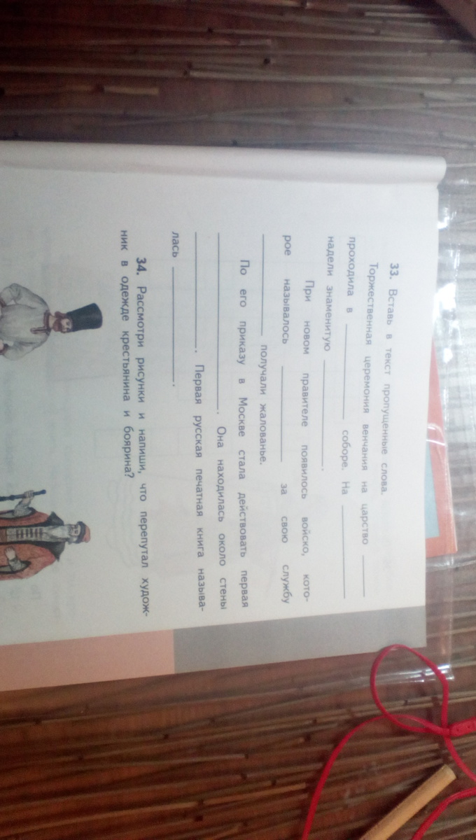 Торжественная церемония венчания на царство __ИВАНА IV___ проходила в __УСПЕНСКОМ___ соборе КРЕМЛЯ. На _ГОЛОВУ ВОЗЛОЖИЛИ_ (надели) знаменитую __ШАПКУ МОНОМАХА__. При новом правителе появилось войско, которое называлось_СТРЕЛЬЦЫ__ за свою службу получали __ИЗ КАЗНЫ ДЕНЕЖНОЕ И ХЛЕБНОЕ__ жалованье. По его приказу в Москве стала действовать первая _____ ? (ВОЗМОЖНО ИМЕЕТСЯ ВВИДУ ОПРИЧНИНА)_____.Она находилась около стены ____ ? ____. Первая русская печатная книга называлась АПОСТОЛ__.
^^^^^^^^^^^^^^^^
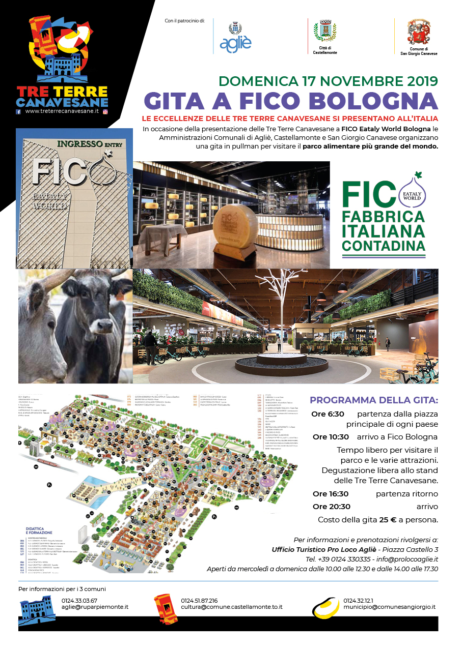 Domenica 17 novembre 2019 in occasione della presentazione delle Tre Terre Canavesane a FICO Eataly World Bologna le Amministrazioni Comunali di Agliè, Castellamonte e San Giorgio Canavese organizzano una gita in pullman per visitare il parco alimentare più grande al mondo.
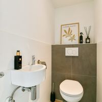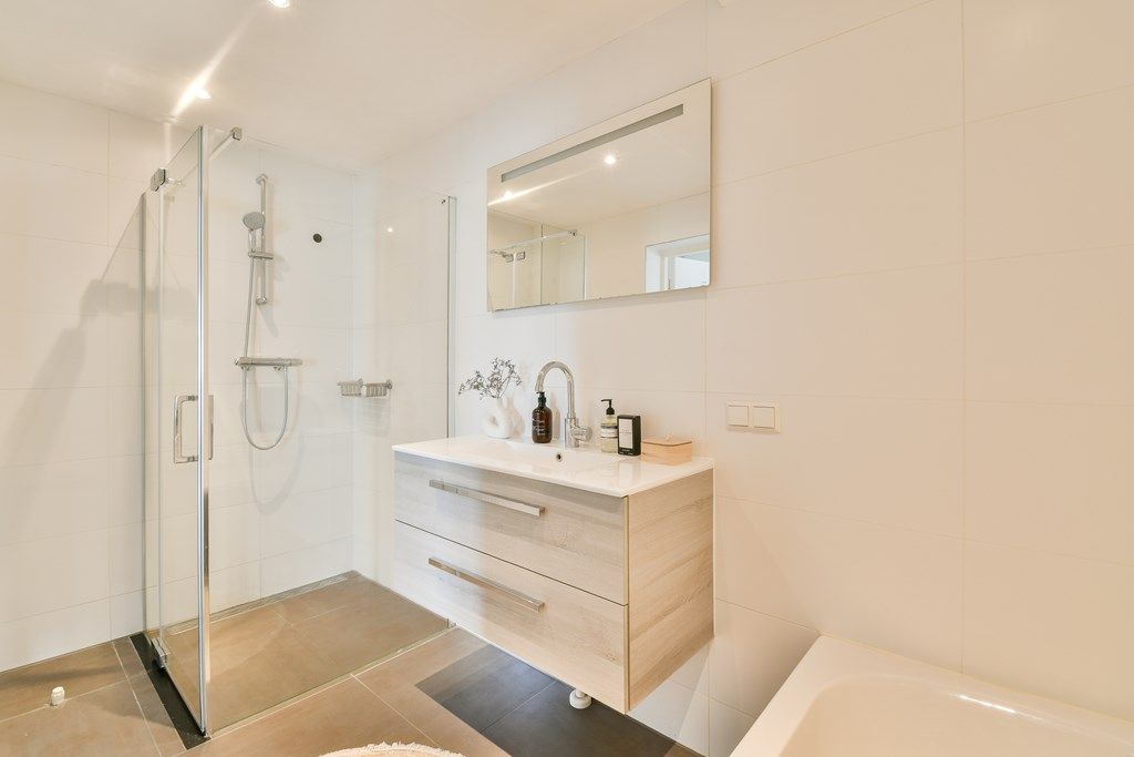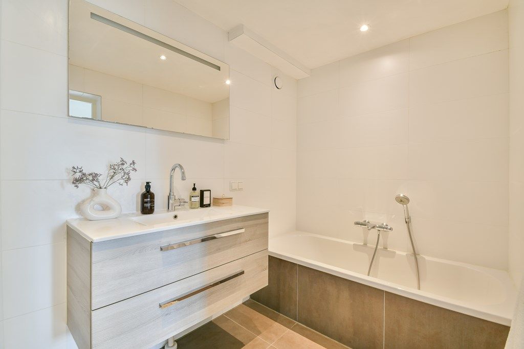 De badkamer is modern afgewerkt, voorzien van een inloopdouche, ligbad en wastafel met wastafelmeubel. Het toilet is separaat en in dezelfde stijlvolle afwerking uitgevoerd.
^^^^^^^^^^^^^^^^
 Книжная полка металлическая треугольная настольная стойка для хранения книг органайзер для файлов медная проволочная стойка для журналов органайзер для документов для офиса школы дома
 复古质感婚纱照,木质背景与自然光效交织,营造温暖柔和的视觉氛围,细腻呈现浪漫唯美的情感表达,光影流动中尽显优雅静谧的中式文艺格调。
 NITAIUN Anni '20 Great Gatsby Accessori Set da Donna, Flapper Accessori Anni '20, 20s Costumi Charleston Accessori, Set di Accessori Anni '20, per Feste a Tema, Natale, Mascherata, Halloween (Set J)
^^^^^^^^^^^^^^^^
- Task requirements -
Would you print exactly and only the lines of the material above that run from the line with "复古质感婚纱照,木质背景与自" through the line with "NITAIUN Anni '20", both included?

- Written answer -
 复古质感婚纱照,木质背景与自然光效交织,营造温暖柔和的视觉氛围,细腻呈现浪漫唯美的情感表达,光影流动中尽显优雅静谧的中式文艺格调。
 NITAIUN Anni '20 Great Gatsby Accessori Set da Donna, Flapper Accessori Anni '20, 20s Costumi Charleston Accessori, Set di Accessori Anni '20, per Feste a Tema, Natale, Mascherata, Halloween (Set J)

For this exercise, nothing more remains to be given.